Exercise directions
Reproduce the listing that follows word for word, without its pictures.

Data
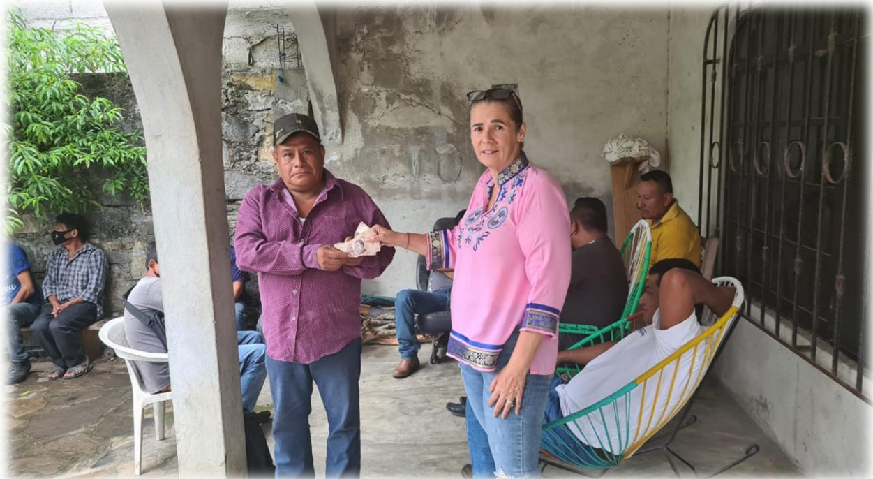
Apoyo Fiesta Patronal La Laguna.
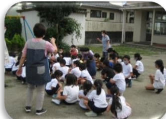
並び終わったら人数確認 みんな揃っているかな。
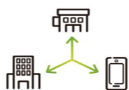
販売チャネル選定
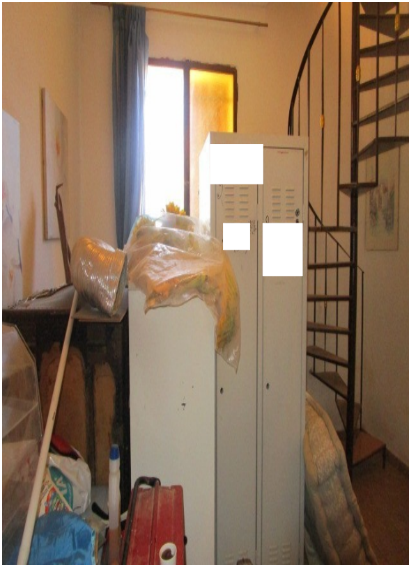
Figura 25: Piano seminterrato, con vano sottoscala.

Your response
Apoyo Fiesta Patronal La Laguna.
並び終わったら人数確認 みんな揃っているかな。
販売チャネル選定
Figura 25: Piano seminterrato, con vano sottoscala.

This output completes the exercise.